- Olise descarta contratos com marcas para patrocínio de chuteira
- Craque francês vai na contramão de outros jogadores e prefere ter poder de escolha do que lucrar com parceiros e ter que usar determinado calçado
- Uso de modelos definidos pelas marcas é prática comum entre atletas patrocinados
Enquanto boa parte dos principais jogadores do futebol mundial mantém contratos milionários com fabricantes de chuteiras, Michael Olise segue um caminho diferente. O atacante da seleção francesa e do Bayern de Munique tem recusado propostas de empresas do setor, mesmo diante da possibilidade de receber valores elevados em acordos de patrocínio.
A decisão está ligada à liberdade de escolher qual modelo utilizar em cada partida. Sem vínculo com nenhuma marca, Olise prefere definir o calçado de acordo com o conforto e, em algumas ocasiões, também pela combinação com as cores do uniforme que veste em campo.
Essa preferência pode ser observada em diferentes jogos. Quando atua com o uniforme vermelho do Bayern de Munique, costuma entrar em campo com chuteiras da mesma cor. Já pela seleção francesa, adapta a escolha conforme o visual do uniforme. Na estreia da Copa do Mundo 2026, por exemplo, utilizou um modelo branco para acompanhar o conjunto formado por camisa azul, calções brancos e meiões vermelhos, priorizando a harmonia do visual, sem necessariamente seguir a cor dos meiões.
A autonomia para decidir o calçado é justamente o que faz o francês rejeitar ofertas de patrocínio. O cenário contrasta com o da maioria dos atletas de elite, que precisam utilizar os modelos definidos pelas marcas em razão dos contratos comerciais.
Na Copa de 2026, por exemplo, tornou-se comum ver diversos jogadores usando chuteiras rosas, uma escolha das fabricantes para dar visibilidade aos novos modelos. A estratégia também refletiu no mercado, com as vendas desse tipo de calçado registrando um aumento de quase 50% durante o Mundial de seleções.
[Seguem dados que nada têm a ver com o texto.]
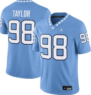 Celebrate one of the greatest defensive players in football history with this Jordan Brand Lawrence Taylor North Carolina Tar Heels Home Game Jersey. This features screen-printed details highlighting Lawrence s name and iconic #98, allowing you to rep the legend with every wear. Its loose fit and breathable mesh side panels ensure comfort while you cheer on the Tar Heels. With its stitched team logo and satin woven jock tag, this jersey is a must-have for any dedicated North Carolina Tar Heels fan.
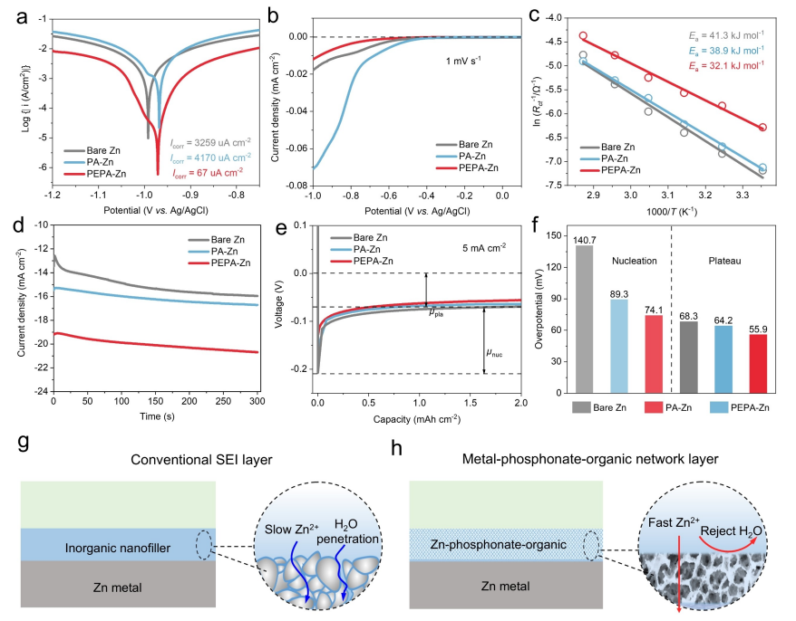 (f)‌:展示了PEPA-Zn、PA-Zn和裸Zn電極的線性掃描伏安法。這用于比較不同電極的電化學性能。

Como não possui vínculo com nenhuma empresa do segmento, Olise fica fora dessa estratégia comercial e mantém a liberdade para definir o calçado que utilizará em cada partida. Segundo o ge, pessoas próximas ao jogador afirmaram ao jornal francês L’Equipe que ele não tem contrato e não tem o menor interesse em ter.
A postura contrasta com a realidade de outros atletas do futebol internacional. Um dos principais exemplos é Neymar Jr., que possui o maior contrato de patrocínio de chuteiras do mundo e recebe cerca de £ 23 milhões por temporada da Puma, valor equivalente a aproximadamente R$ 157 milhões na cotação atual.
Enquanto grande parte dos jogadores associa a escolha do equipamento aos acordos comerciais, Olise mantém a preferência por decidir, de forma independente, qual chuteira utilizar em cada partida.